Frases más largas en los test

Montserrat Bonet, profesora ORL y Foniatría en la Facultad de Medicina de la Universidad de Barcelona, señaló que el 60% de los fonemas no son visibles desde el exterior, por lo que los fonemas aislados no sirven para la rehabilitación auditiva. Por eso, recomendó palabras cortas o sílabas unicamente en los test auditivos, pero no para la rehabilitación completa de la audición, en cuyas pruebas resulta más aconsejable probar la comprensión de palabras más largas o frases.

También aporto el ejemplo de un tío suyo pianista que utiliza audífonos con cinco programas diferentes y puede interpretar este instrumento, además de disfrutar en conciertos de otros músicos. Ella trabaja en un programa de prevención para este gremio que sufre especialmente el deterioro de su audición por razones obvias, que se lleva adelante desde el Observatorio de Prevención Auditiva para los Músicos (OPAM).

La fonoaudióloga Ximena Hormazábal, de la Universidad de Chile, desentrañó mecanismos de atención psicológicos y de otros tipos no auditivos que influyen en la comprensión del habla por el Procesamiento Auditivo Central (PAC), en cuya evaluación hacen falta pruebas de observación (directa y cuestionarios), comportamental, electrofisiología (PEATC, entre otros), electroacústica (OEA) e imagenología.


En cualquier caso, hay que plantearse una batería mínima de pruebas y cuáles son los aspectos o procesos auditivos que se se quieren evaluar, y el paciente debe cumplir una serie de requisitos (audición periférica a partir de 40 dBHL simétricos, discriminación del habla desde el 70% con diferencia binaural menor del 20%, un nivel de atención y cognitivo compatlble con la tarea, nivel de lenguaje expresivo-comprensivo y cierta edad).

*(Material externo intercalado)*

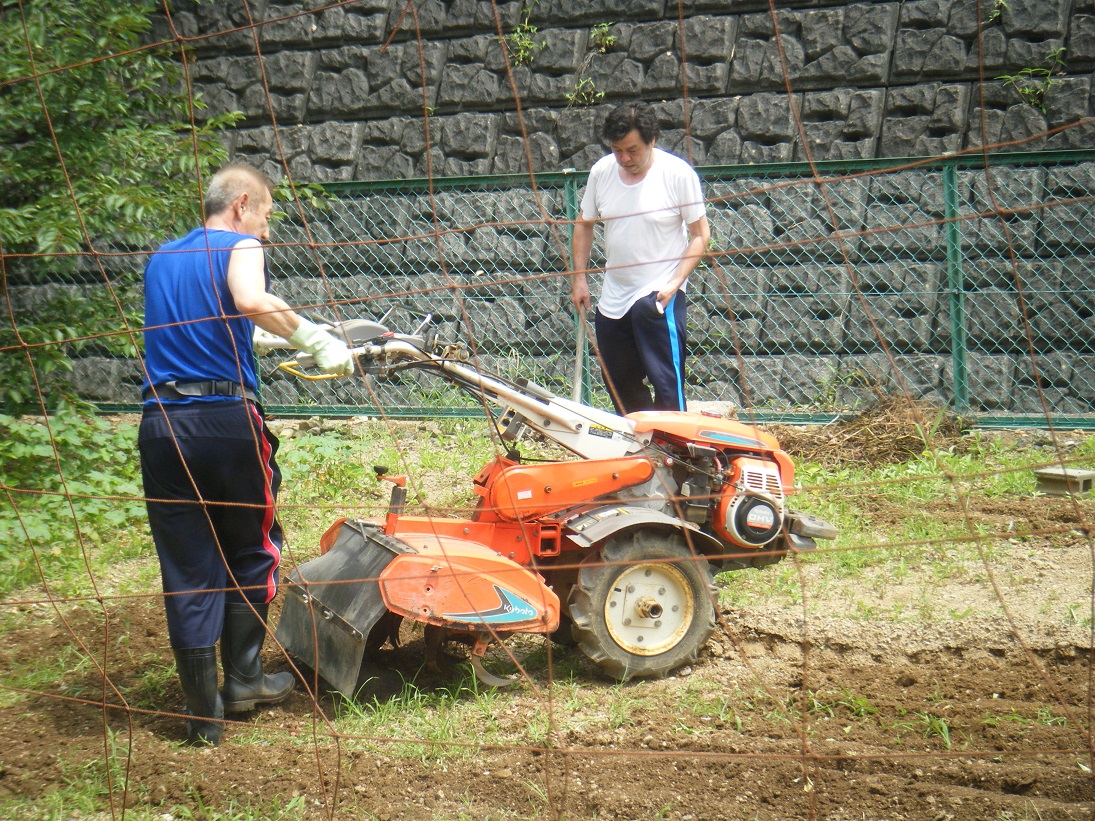 耕運機で耕し、隅っこの雑草を抜き、畝を作り……
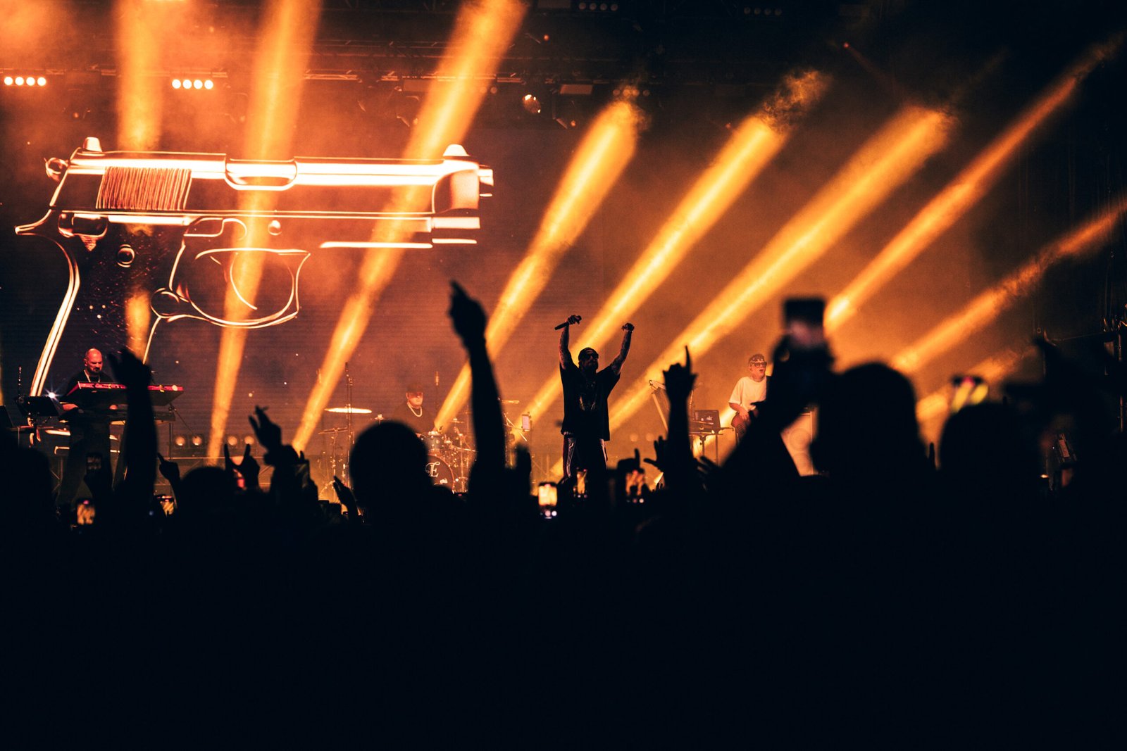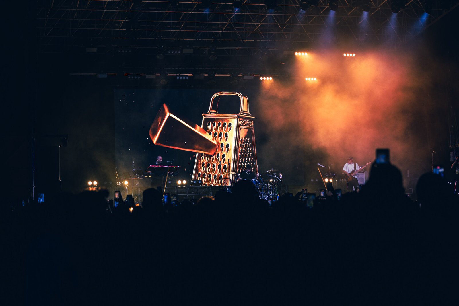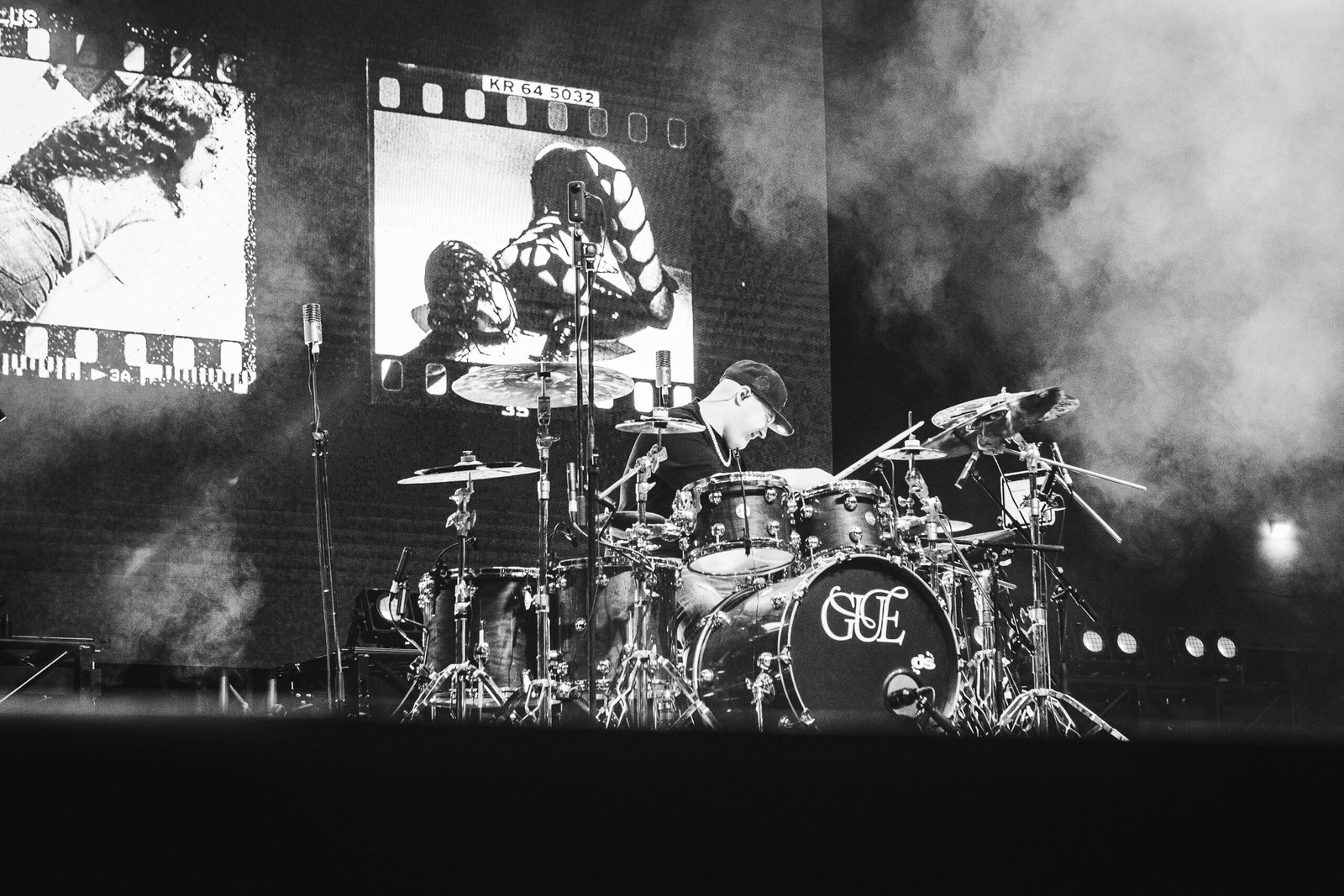 Nessun artista d’apertura. Alle 22, puntuali come un orologio svizzero – coerente con l’attuale residenza del rapper –, un cortometraggio breve ma pacchiano e spaccone al punto giusto – come quei film action ad alto budget con Jason Statham brutti ma divertenti che tanto piacciono a Cosimo insieme a, non ci crederete mai, Kubrick e Cronenberg – introducono Guè e una band di tre elementi: basso (Cristian Capasso), batteria (Viky Landolfi) e tastiere (Max D’Ambra). I cori da stadio che riprendono il motivo di Acqua e sapone degli Stadio introducono Meravigliosa, una delle hit dell’ultimo album Tropico del Capricorno, un instant classic nella vasta discografia della G. Presente e passato si intrecciano come se nulla fosse, perché subito dopo tocca alla dirompente Il Ragazzo D’Oro che ha 14 anni e sembra uscita ieri da quanto è fresca. La gente impazzisce; come direbbe un amico, questa canzone andrebbe studiata. E ha ragione, perché in un attimo Guè ha chiarito, con l’immediatezza della sua musica, che il rap fatto bene non invecchia.

Esta especialista chilena acompañó su disertación con un taller práctico de pruebas sobre el PAC.

El apoyo de la memoria gráfica y  visual

El homenajeado Enrique Salesa ofreció en su conferencia magistral pautas para ayudar a preservar y recuperar la « memoria auditiva », que resulta clave para el éxito de la rehabilitación con audífonos. « La memoria a corto plazo implica modificaciones funcionales y la memoria a largo plazo, modificaciones estructurales », y como la primera no perdura en el tiempo, « para que el estímulo quede memorizado, es preciso que el registro pase de la memoria a corto plazo a la memoria a largo plazo, por lo que solo grabando la memoria en el material genético, se logrará su superviviencia », señaló el experto de la empresa de audiología con más solera de España, el Instituto Salesa (ver entrevista en el número 150 de Audio infos). Es más, mantener « en forma » esa memoria es algo que incluso se transmite en la genética a los hijos, al igual que puede haber una predisposición genética a la presbiacusia. No obstante, además de esas herencias, también se puede incidir en la epignética, las modificaciones a posteriori por el comportamiento y el aprendizaje.

Como factores que repercuten negativamente en esa « menor fijación en la memoria », aludió a una menor estimulación debida a la pérdida auditiva, por diferentes causas: deterioro de la Células Ciliadas Externas (CCE), de las conexiones sinápticas de las neuronas, del potencial endococlear (la estría vascular requiere energía para mantenerlo). Y como « soluciones » para mejorar la memoria auditiva, Salesa se refirió a proporcionar ayuda de la memoria gráfica, visual, lo que resulta difícil con palabras abstractas, números y nombres propios; facilitar el recuerdo con reglas nemotécnicas, asociando la palabra que hay que recordar con otras o con registros; y evitar la fatiga y el estrés, porque el nerviosismo empeora la situación.
Finalmente, anticipó que el uso de células madre todavía no va dar sus frutos hasta dentro de unos años y advirtió de ciertos riesgos con los OTC (los amplificadores de sonido) si no hay supervisión de un audiólogo.